Beitrag vom 15.06.2010

Spiegel Online

Kenia
Wo Korruptionsfahnder um ihr Leben fürchten
Von Horand Knaup, Nairobi

Viele Milliarden Dollar Entwicklungshilfe sind nach Kenia geflossen - und in die Taschen der jeweiligen Herrscher. Eine britische Journalistin hat jetzt ein Buch über den mutigen Ermittler geschrieben, der das System aufdeckte - und aus Angst um sein Leben aus Afrika floh.

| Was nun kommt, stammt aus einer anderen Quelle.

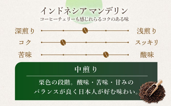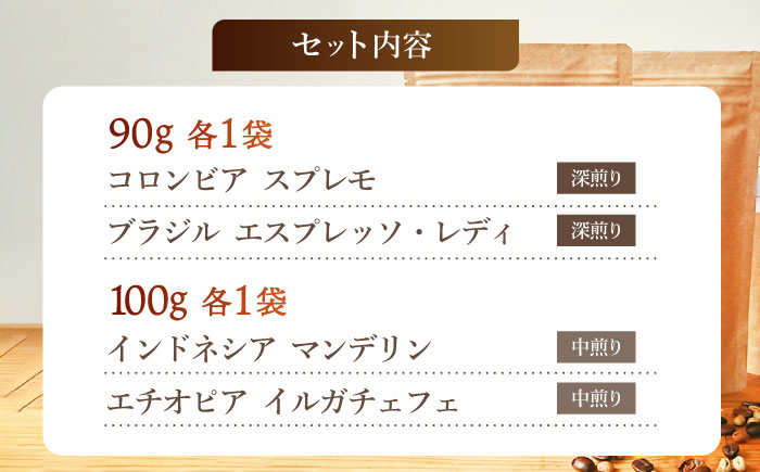 | 容量 | 下記容量が毎月一回、定期便の数に合わせてお送りいたします。 ○内容 【90g/袋×各1袋】 ・コロンビア スプレモ(深煎り) ・ブラジル エスプレッソ・レディ(深煎り) 【100g/袋×各1袋】 ・インドネシア マンデリン(中煎り) ・エチオピア イルガチェフェ(中煎り) 【加工地】 西海市 |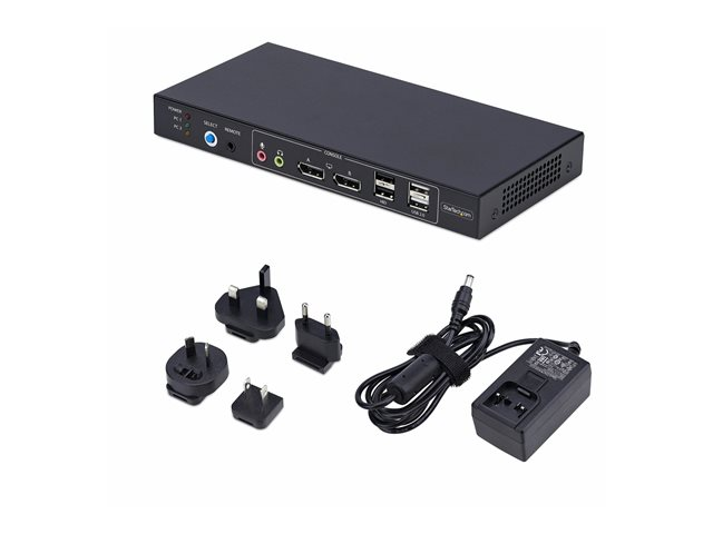 StarTech.com 2-Port Dual-Monitor DP KVM Switch w/Video Matrix, 4K 60Hz - KVM / audio / USB switch - 2 x KVM / audio / USB - 1 lokalbruger - desktop - TAA-kompatibel P2ADD121D-KVM-SWITCH

In Nairobi gab es das Buch nur unter dem Ladentisch, die Buchhändler bekamen deutliche Warnungen und unfreundliche Hinweise, jetzt ist es auf Deutsch erschienen. "Jetzt sind wir dran", heißt das Werk der britischen Journalistin Michela Wrong, die den Kampf des kenianischen Korruptionsbekämpfers John Githongo nachgezeichnet hat.
Githongo wurde 2003 nach dem Wahlsieg von Mwai Kibaki zum General des Kampfes gegen die Korruption berufen. Es war zu einer Zeit, als alle Welt dachte, Kibaki würde sein Land kräftig durchlüften, energisch die Armut bekämpfen, die Korruption angehen und Kenia so zu neuer Blüte zu verhelfen.

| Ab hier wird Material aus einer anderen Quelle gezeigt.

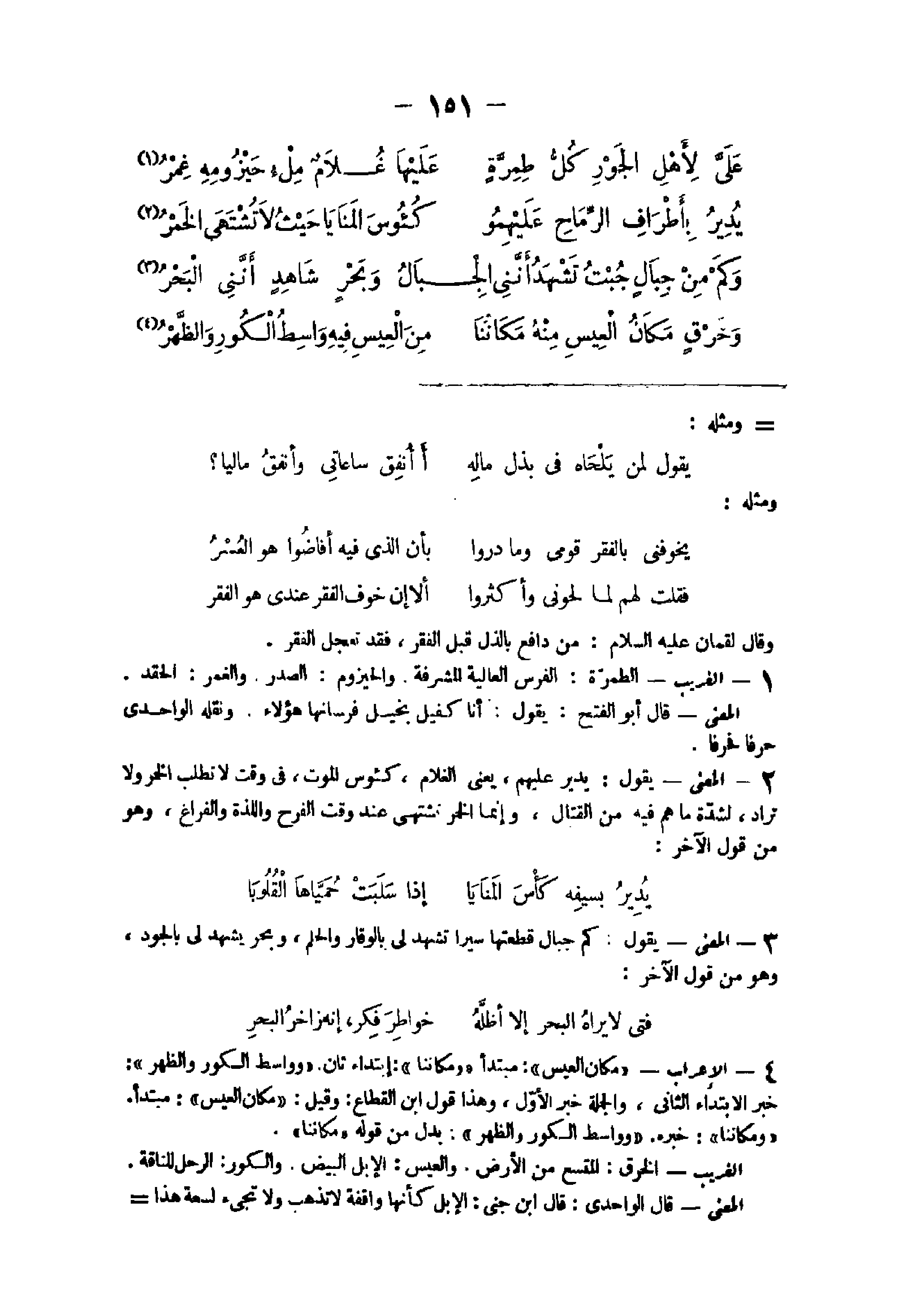 14 - الْإِعْرَاب مَكَان العيس مُبْتَدأ ومكاننا ابْتِدَاء ثانى وواسط الكور وَالظّهْر خبر الِابْتِدَاء الثانى وَالْجُمْلَة خبر الأول وَهَذَا قَول ابْن القطاع وَقيل مَكَان العيس مُبْتَدأ ومكاننا خَبره وواسط الكور وَالظّهْر بدل من قَوْله مَكَاننَا الْغَرِيب الْخرق المتسع من الأَرْض والعيس الْإِبِل الْبيض والكور الرحل للناقة الْمَعْنى قَالَ الواحدى قَالَ ابْن جنى الْإِبِل كَأَنَّهَا واقفة لَا تذْهب وَلَا تجئ لسعة هَذَا الْخرق فَكَأَنَّهَا لَيست تَبْرَح مِنْهُ فَكَمَا نَحن فى ظُهُور العيس لَا نَبْرَح مِنْهَا فى أوساط أكوارها فَكَذَلِك هى كَأَن لَهَا من أَرض هَذَا الْخرق كورا وظهرا فقد أَقَامَت بِهِ لَا تبرحه قَالَ وَقد غلط فِيمَا ذكر إِنَّمَا يصف مفازة قد توسطها فَهُوَ على ظهر الْبَعِير فى جوزه فَكَأَنَّهُ من ظهر النَّاقة مَكَانهَا من الْخرق الْمَعْنى أَنى فى وسط ظُهُور الْإِبِل وَالْإِبِل فى وسط ظهر الْخرق وَلم يتَعَرَّض فى هَذَا الْبَيْت لوقوفها وَلَا لبراحها ثمَّ ذكر سَيرهَا فى الْبَيْت الثانى فَقَالَ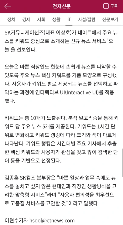 SK커뮤니케이션즈(대표 이상호)가 네이트에서 주요 뉴스를 키워드 중심으로 소개하는 신규 뉴스 서비스 '오늘'을 선보인다. 오늘은 바쁜 직장인도 한눈에 손쉽게 뉴스를 파악할 수 있도록 주요 �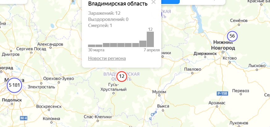 Таким образом, общее число заболевших в регионе составило 12 человек. На сегодняшний момент зарегистрирован только один летальный случай от коронавирусной инфекции – в Коврове скончался 48-летний мужчина.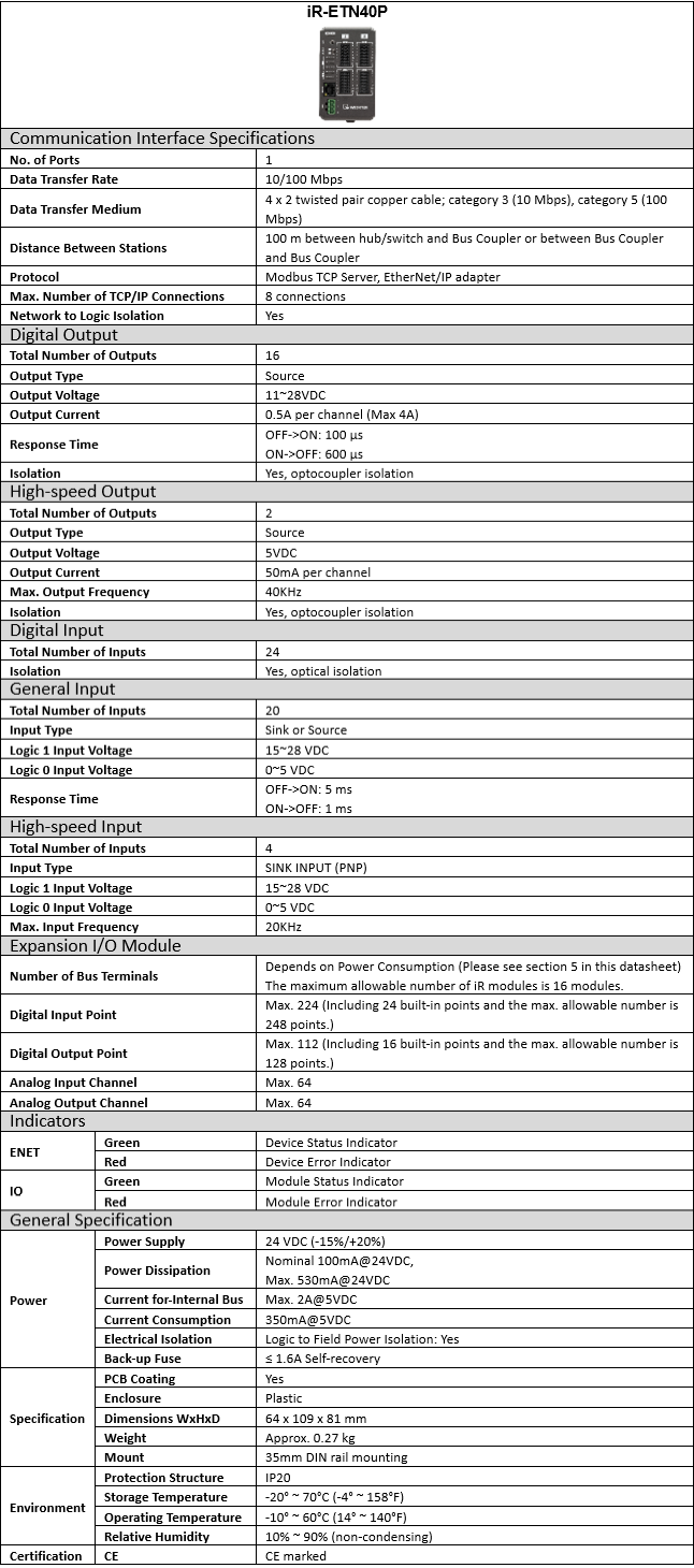 iR-ETN40P provides built-in support for MODBUS TCP/IP Server and EtherNet/IP Adapter protocols and comes with 24 digital inputs and 16+2 digital outputs. Apart from the built-in I/O, the expandable design makes it possible to add additional digital, analog I/O, temperature modules, or pulse modules as required. Additionally, input and output connectors are of push-in type, which greatly simplify installation and wiring tasks.

Doch die Hoffnung trog. Nach nur wenigen Monaten war der Elan dahin, auch Kibaki und seine Helfer, insbesondere vom Stamm der Kikuyu, füllten sich die Taschen. Sie taten es ohne jedes Unrechtsbewusstsein, genau wie es die Eliten jahrzehntelang zuvor getan hatten.

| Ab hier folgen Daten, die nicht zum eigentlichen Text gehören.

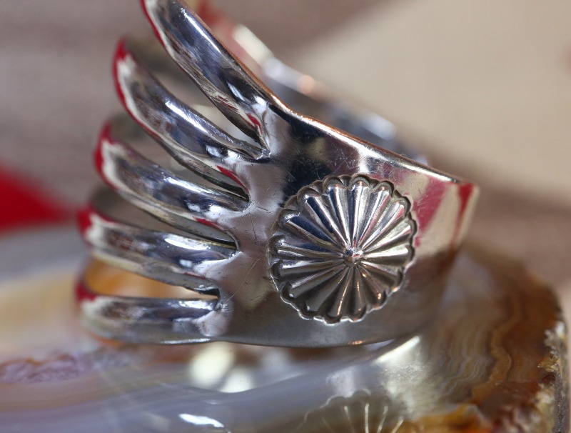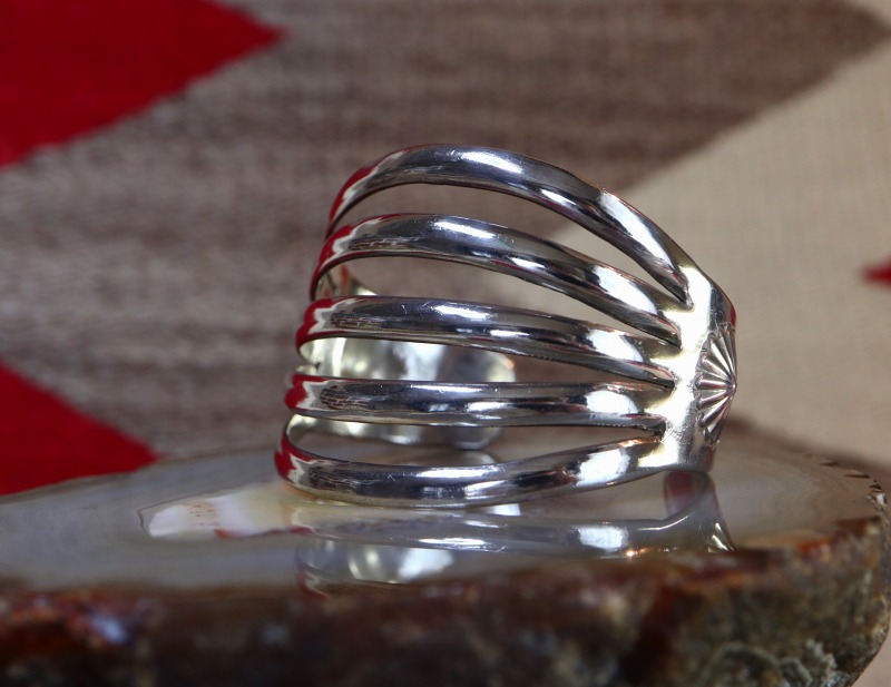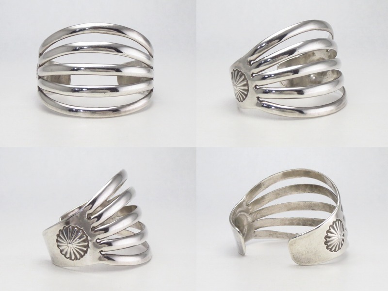 後年に作られた同デザインの多くは、上記のような過去の名作を元にキャスト(鋳物)で成形されたピースが多く見られますが、もちろんこちらの作品では伝統的なスプリットの技術が用いられており、おそらくインゴットシルバー(銀塊)から成形されたバンド/地金をベースに、ワイドなバンドを割り開くことで流麗なスプリットバンド/シャンクを形成しています。また、その製法と丁寧な仕事により、なめらかなシルバーの肌を実現しており、それらを5本に割り開くことで流麗なスプリットバンドを形成しています。さらに、ハンマーワークとヤスリでのファイルワーク(削り)によりそれぞれのラインにきれいなアール/曲面がもたらされており、サイド~ターミナルにはフラワーコンチョのような美しいスタンプワークが施され、その中心部分は、リポウズと云う内側からたたき出す技法によって立体的な膨らみがつけられています。

"Jetzt sind wir dran", hieß das Motto - und heißt es heute noch.
Je weiter Githongo recherchierte, desto sumpfiger wurde das Terrain. Veruntreute Gelder, milliardenteure Einkäufe ohne Ausschreibung und Kontrollen, dafür mit klebrigen Zwischenhändlern und dubiosen Briefkastenfirmen. Die Mechanik war kompliziert, aber ungeheuer ertragreich. Allein der sogenannte Anglo-Leasing-Skandal, eine Ansammlung überteuerter, fragwürdiger und überflüssiger Einkäufe, kostete das Land 750 Millionen Dollar. Immer wieder waren bekannte kenianische Politgrößen beteiligt.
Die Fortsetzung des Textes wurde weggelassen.